🧵 Most realistic game with MSAA graphics
Anonymous at Mon, 3 Feb 2025 22:31:50 UTC No. 1006795
What is the most realistic game with MSAA graphics? Is it even possible?
Anonymous at Mon, 3 Feb 2025 22:33:48 UTC No. 1006796
>>1006795
holy fucking sperg
Anonymous at Tue, 4 Feb 2025 03:56:23 UTC No. 1006816
>>1006795
Op's obv confused about a lot of things but I'll answer 'the spirit of the question' so this thread don't go completely to waste:
For older rendertech; A well crafted scene with baked ligthning can look arbitrarily realistic as you're essentially looking at a draped photograph.
There are examples of PS2 era games like the photomode in Gran Turismo 4 that starts to approach photorealism even on that old hardware.
Mirror's Edge is another example of how well 'baked light' still holds up as it still looks better than many current era games.
The pre-production is a lot heavier and the result is more static and non-usable but in principle if it's narrowly defined
very high levels of photorealism in realtime graphics have been possible to pull off from shader model 3 and onwards (driectX 9, ~2004).
Lighting would need to be done thru ambient cubemaps or spherical panorama using image based lighting aka IBL.
If you could travel back in time and rewrite the code for 'shader model 3' era shaders to use some current day PBR concepts you could've made a
PBR-esque realtime shader that functioned on mid 2000's hardware that would look a lot better than anything that was featured in games at the time.

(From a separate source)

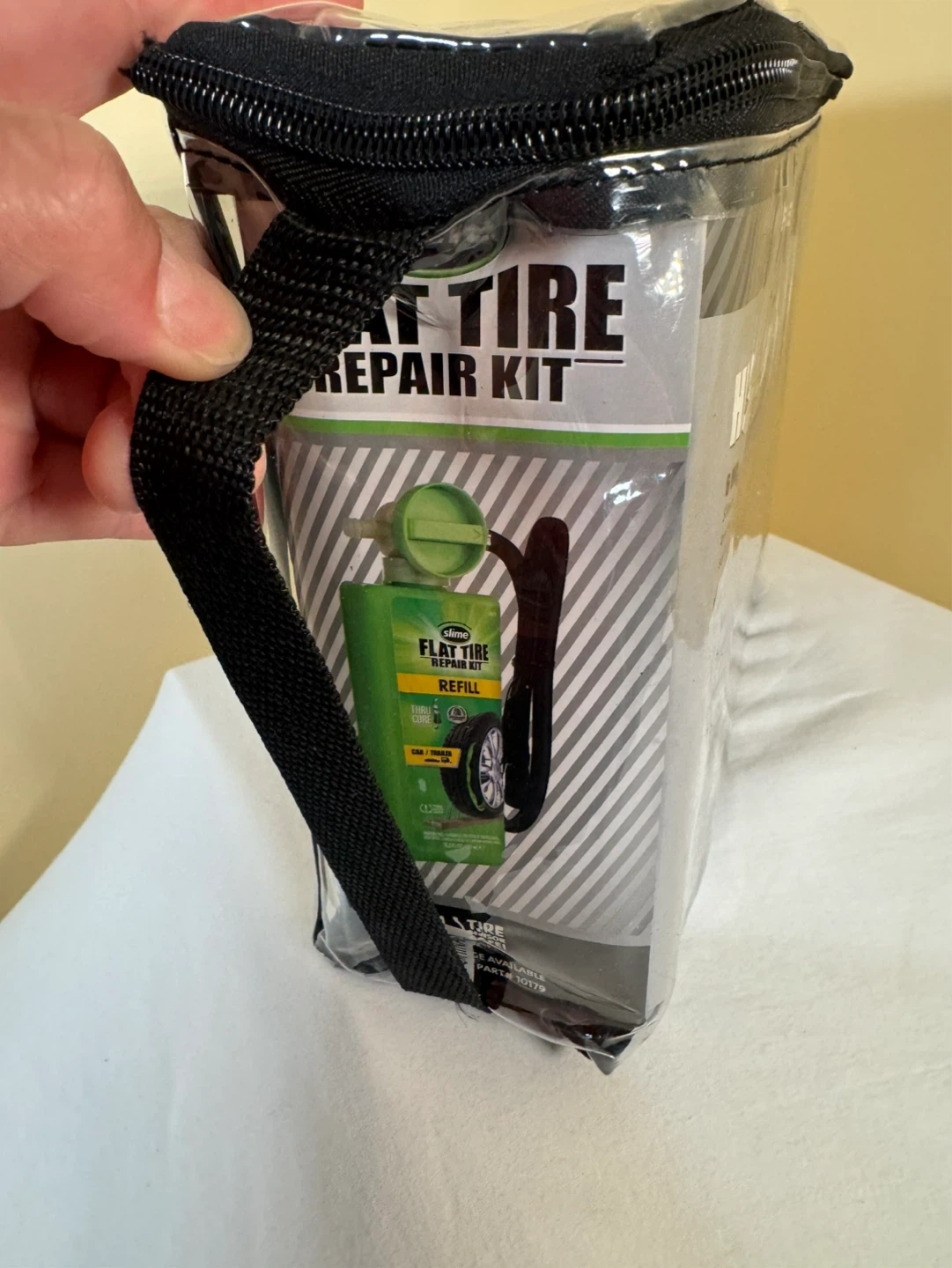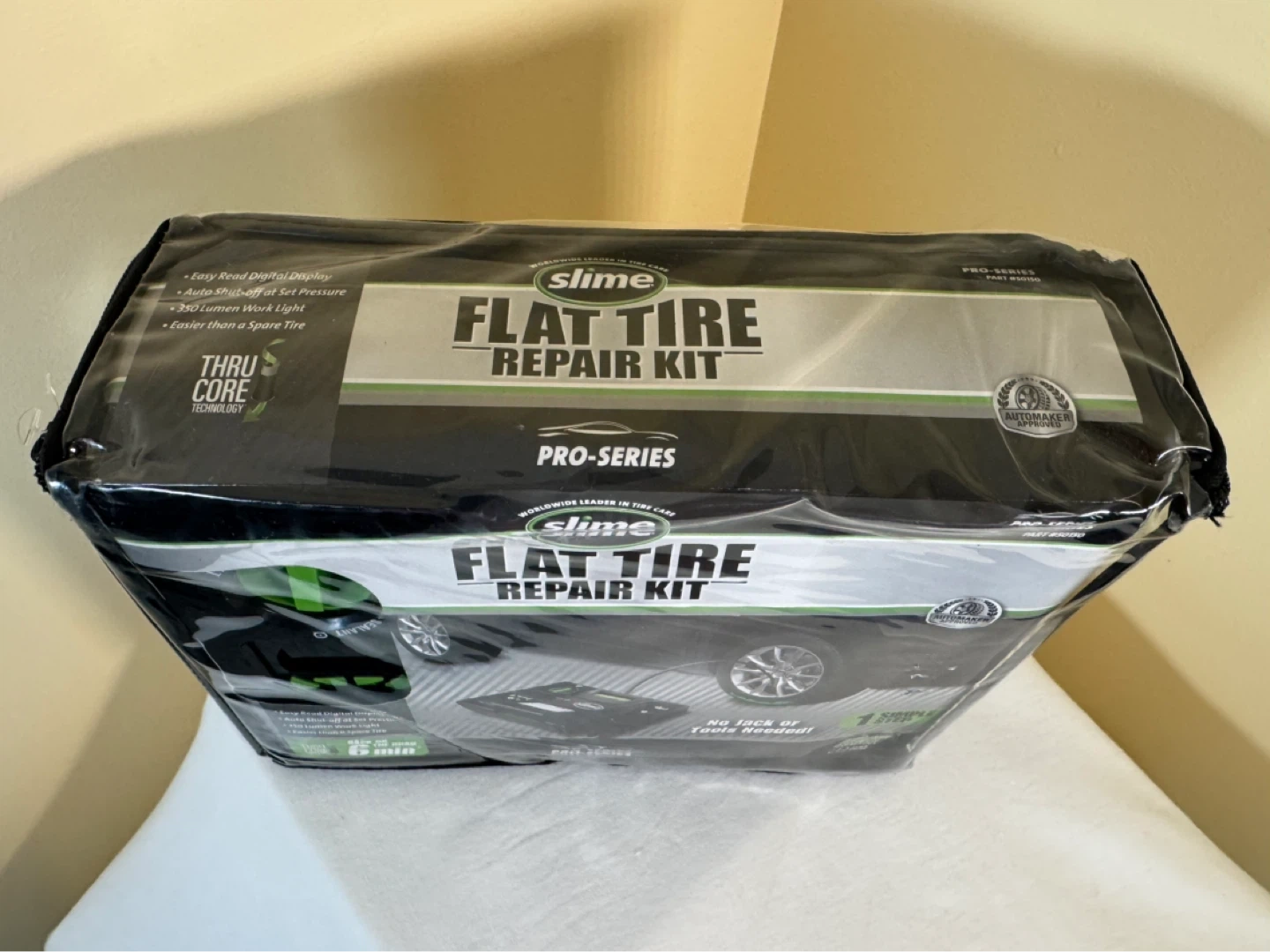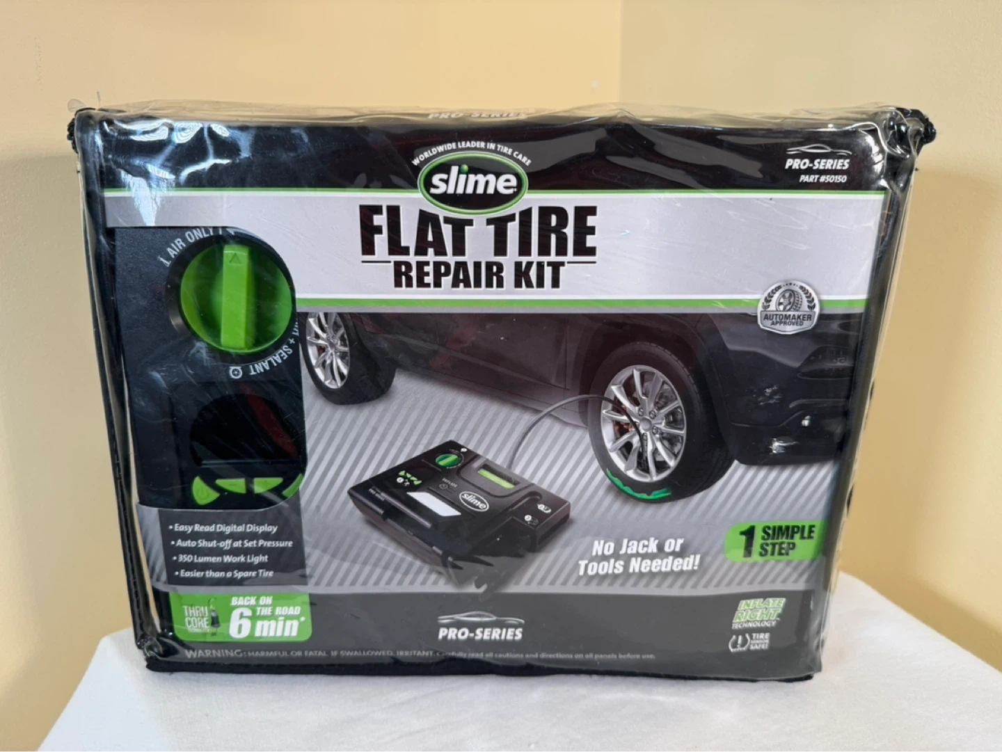 This Slime Pro-Series Flat Tire Repair Kit offers a quick fix for flat tires. It includes a tire inflator with an easy-to-read digital display and a 350-lumen work light. No jack or tools are needed for this repair!

Anonymous at Tue, 4 Feb 2025 19:00:33 UTC No. 1006850
>>1006816
so basically, the most realistic MSAA game came out in 2004?
Anonymous at Thu, 6 Feb 2025 12:58:09 UTC No. 1006980
>>1006850
Half-Life Alyx
Cheap AA looks bad on VR headsets if base resolution is not crazy
Anonymous at Thu, 6 Feb 2025 13:15:28 UTC No. 1006985
>>1006980
No it’s not realistic close enough, you can’t even make fire with realistic sources.